Although the circumstances have never been precisely described, it appears that Hackett went on a post-season hunting trip in October 1903. At some point, Hackett’s hand came into contact with poison ivy, which he then spread to his eyes by rubbing them. In short order, his eyes became severely inflamed, necessitating urgent medical intervention. Some newspaper dispatches informed fans that Hackett had lost the vision in his left eye. Another advised that the eye had been surgically removed. And yet others reported that the sight in Hackett’s right had been compromised, as well. Whatever their differences on the extent of the calamity, the media unanimously predicted that Jim Hackett’s baseball career was over.

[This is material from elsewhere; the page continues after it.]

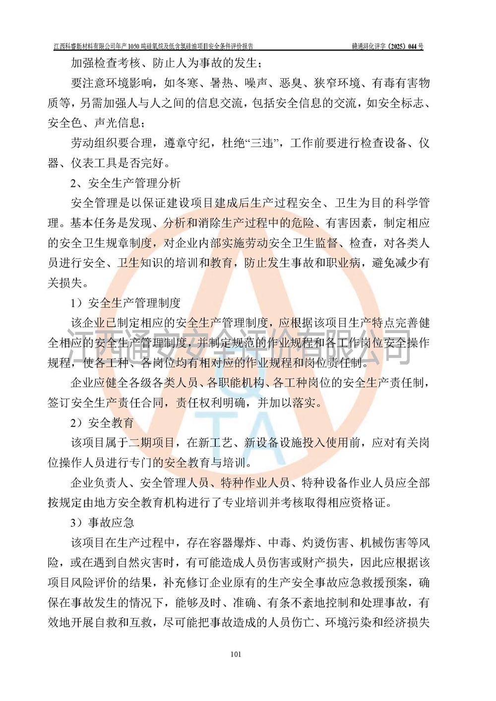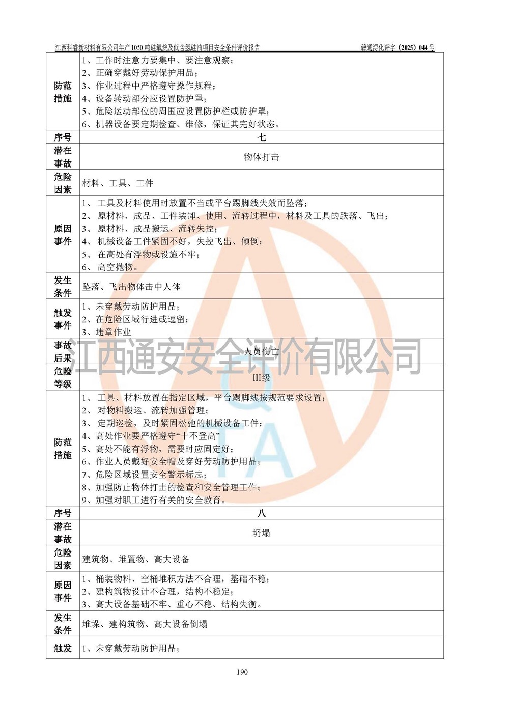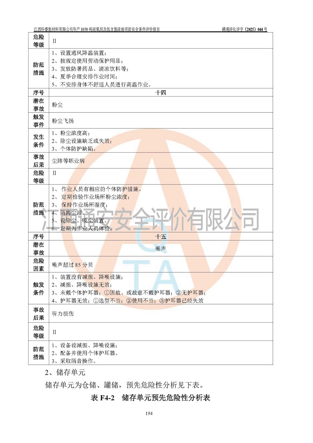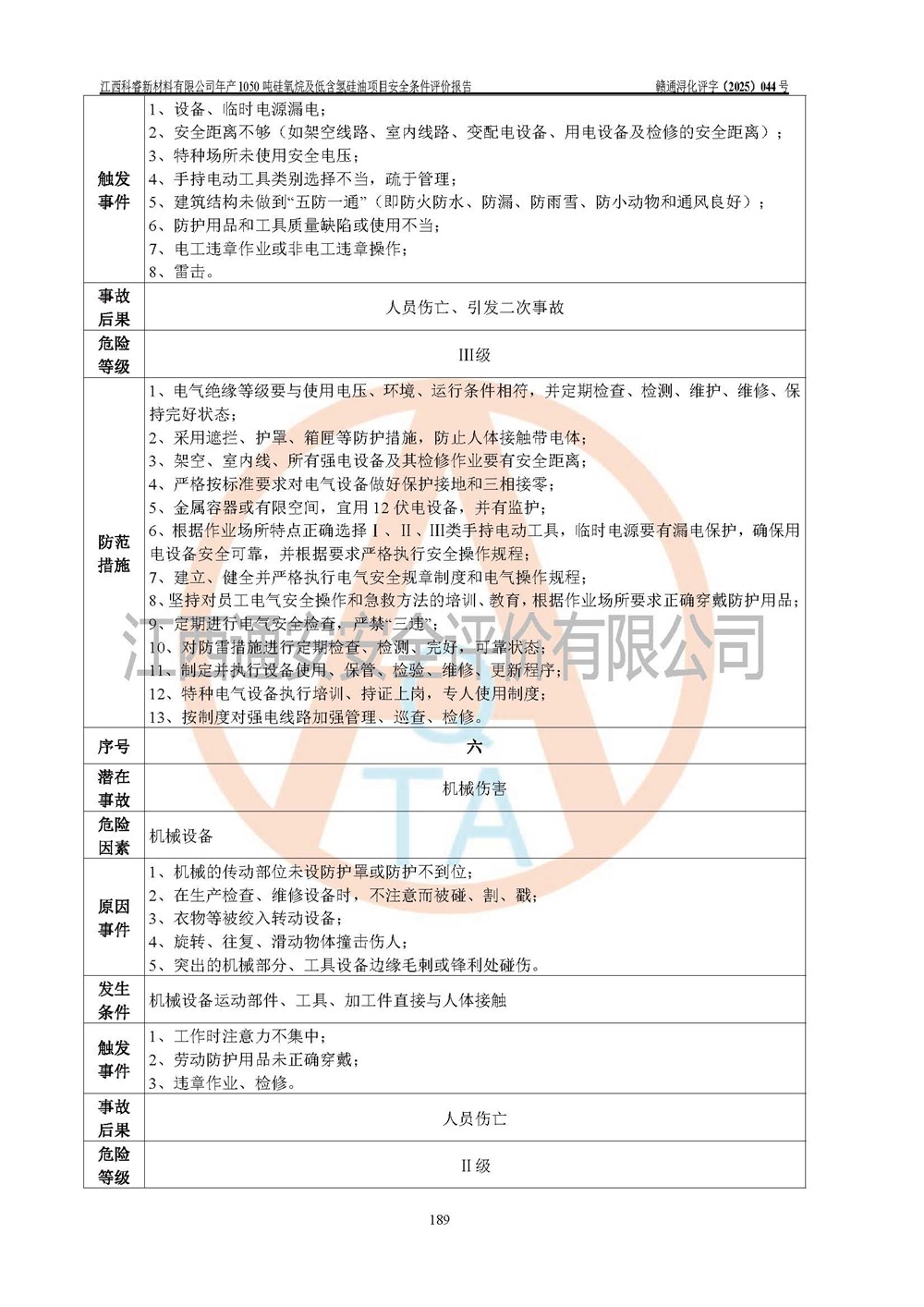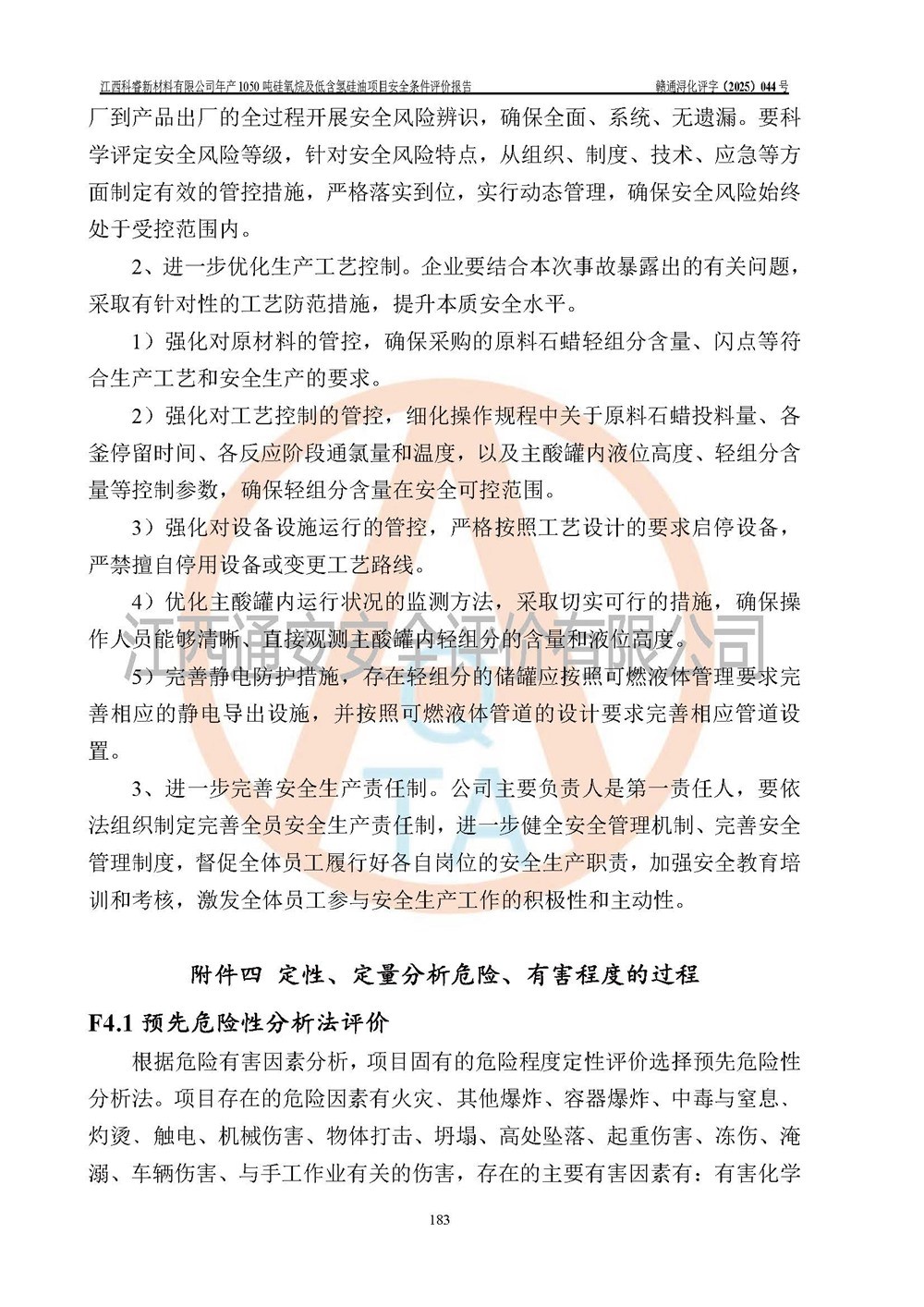 評價結論 | 江西科睿新材料有限公司年產(chǎn)1050噸硅氧烷及低含氫硅油項目的周邊環(huán)境、總體布局、自然環(huán)境能滿足建設安全條件;項目選擇的工藝過程及設備設施的安全可靠性能達到**法規(guī)、標準規(guī)定要求;項目存在的危險有害因素可控,在落實本評價報告提出的有關安全對策措施后,其危險有害程度能達到可以接受的程度,項目建設能夠實現(xiàn)安全運行的目標。 | |||||

As it turned out, heroic treatment measures saved Hackett’s sight in both eyes. And for almost the next 60 years, Hackett’s vision allowed him to perform the tasks of everyday life. But playing baseball at the professional level was another matter. Although he would persevere for a near-decade, Hackett’s eyesight had become inadequate for the rigors of the game, and his career went into immediate decline after 1903. Thus in the end, the newspaper forecast on Jim Hackett’s baseball future proved correct.

Our ill-fortuned subject was born James Joseph Hackett on October 1, 1877 in Jacksonville, Illinois, a bustling county seat located in the west-central plains of the Land of Lincoln. He was the sixth of 11 children1 born to laborer Michael Hackett (1845-1899) and his wife Margaret (nee Dolan, 1850-1903), Irish-Catholic immigrants who had met and married in Jacksonville in 1867.Young Jim attended Our Savior School, the parish elementary through the eighth grade,2 and then followed his older siblings into the local workforce.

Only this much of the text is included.